I didn't put it very well, Tiff I meant that older women can a resource for the whole community as well as their own families. And yes, I learnt much from my own grandmother but she would be 105 if she were alive now. So the experts are getting older and older.

Thingumy · 08/06/2011 13:27

Well obviously comewhine Hmm

But thinking of the future ie we can't afford vegetables so why don't we buy a few seeds in when we can and in a few seasons we will have fresh veg.

It's seems daft not to grow some veg if you have a garden.

lesley33 · 08/06/2011 13:30

Thingumy - Lots of people who are really struggling won't take risks with money. If you have never grown veg before you have no idea how easy they are to grow or if you will just be throwing money away.
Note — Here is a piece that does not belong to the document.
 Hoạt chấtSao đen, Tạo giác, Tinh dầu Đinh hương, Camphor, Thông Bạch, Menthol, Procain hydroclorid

Good skills and knowledge can make a big difference if you are poor.

Thingumy · 08/06/2011 13:33

I see your point Lesley

I think we just come from the 'anything that we can do cheaper,we'll have a crack at' but I know how tough it is when you are completely skint and full of negativity about the future.
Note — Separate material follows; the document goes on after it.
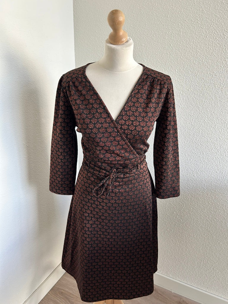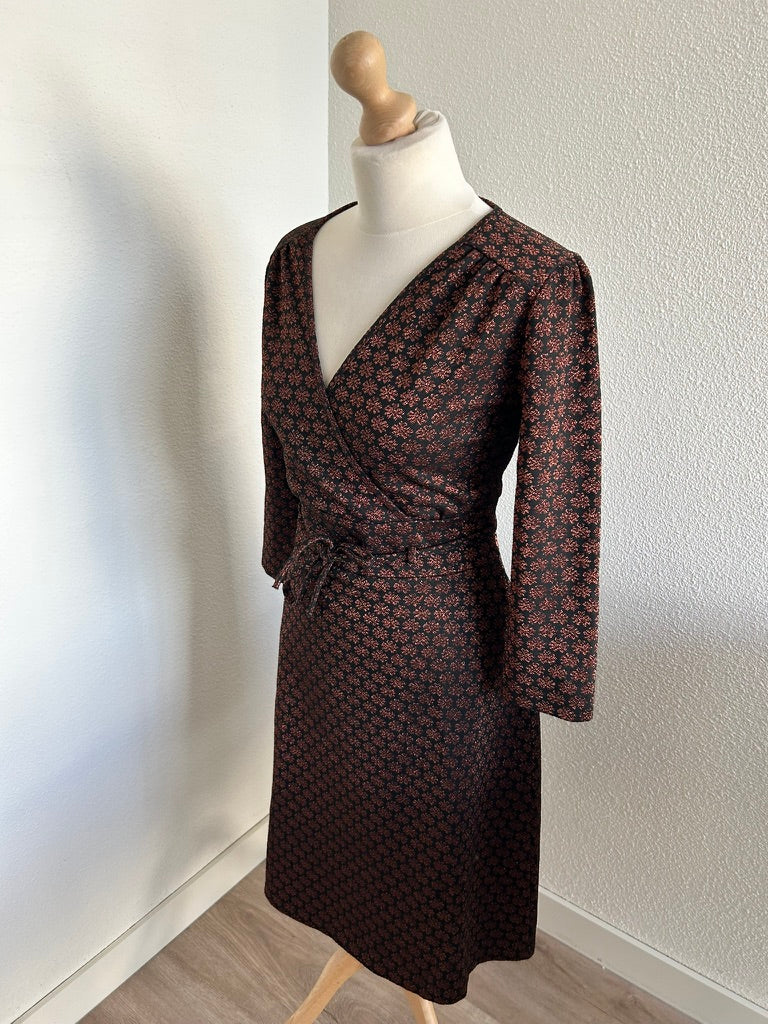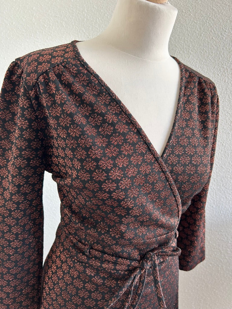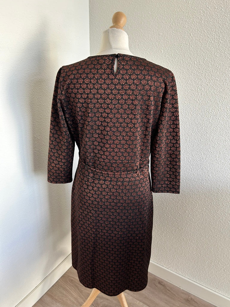 - Leuke najaars jurk in zwart met glitter print in brons/koper/bruin

It's so bloody depressing for millions Sad.

DillyDaydreaming · 08/06/2011 13:34

I didn't see the programme but what I am hearing sounds like it borders on neglect. This isn';t just for being poor but due to the life choices of the Mum who possibly had no parenting herself. Sounds like she needs a bucketload of support and not just financial. Certainly if the dog is eating and the children are not then Children's Social care would have something to say.

Neglect often happens because the Mum (and it's usually just the Mum coping because her partner has left) has had little parenting or support growing up. Not all who have poor and neglectful childhoods follow suit but if you are already cowed down then it sure does not help.

I am in a HA house because my son is autistic - nearly all my neighbours use Provident when they need anything big or BrightHouse.

When I see families in debt as a HV it's usually to catalogues - so they might have the latest shiny TV and the Wii/Playstation/XBox/whatever while on benefits BUT it's nearly always bought on credit and they don't always keep up with the repayments. Of course the Daily Fail readers would not consider this if the paper did a "feature" on one of my families (God forbid) - they'd see benefits + big TV + Wii etc etc. I feel a lot of affection for some of the large poor families on my caseload, they are usually dealing with much more than just financial poverty and I believe I'd raise merry hell if the Daily Fail stitched any of them up as they have done to other families at times elsewhere. Poverty is not funny, it's not about being judgey but about trying to improve life circumstances for families - something the Children's Centres do well where I am. Shame so many are being closed eh?

Shopacheck (who I think are another arm of Provident), Provident etc knock on my door, in my HA street regularly to see if I am interested in any of their services (I'm not) but it's easy to see how families are dragged into this kind of financial nightmare.

coccyx · 08/06/2011 13:34

you can be poor but not live in a shithole.
Lesley33 I give to animal charities , my choice, my money

zukiecat · 08/06/2011 13:38

This reply has been deleted

Message withdrawn at poster's request.

boysrock · 08/06/2011 13:39

Conversely you can also be well off and live in a shit hole. Seen a few of those in my time too. Funny how no -one ever seems to judge that.

ComeWhineWithMe · 08/06/2011 13:39

Not sure why the Hmm I wasn't being sarcastic.

But when you are in this situation you don't think of the future you think of what you are going to eat that day.
Plus doing the garden needs tools which you have to buy if you don't already have them and if you are going to mow then you need to use electric which needs to last until the next time your money goes in I doubt you are going to use it on doing up the garden.

Our local park is offering a 100 free allotment plots and only 30 people have taken up the offer so far.

lesley33 · 08/06/2011 13:40

Of course it is your choice coccyx. I guess I'm just saying its easy to be up in arms about this now, when most of the time, most people couldn't care less about people struggling in the UK.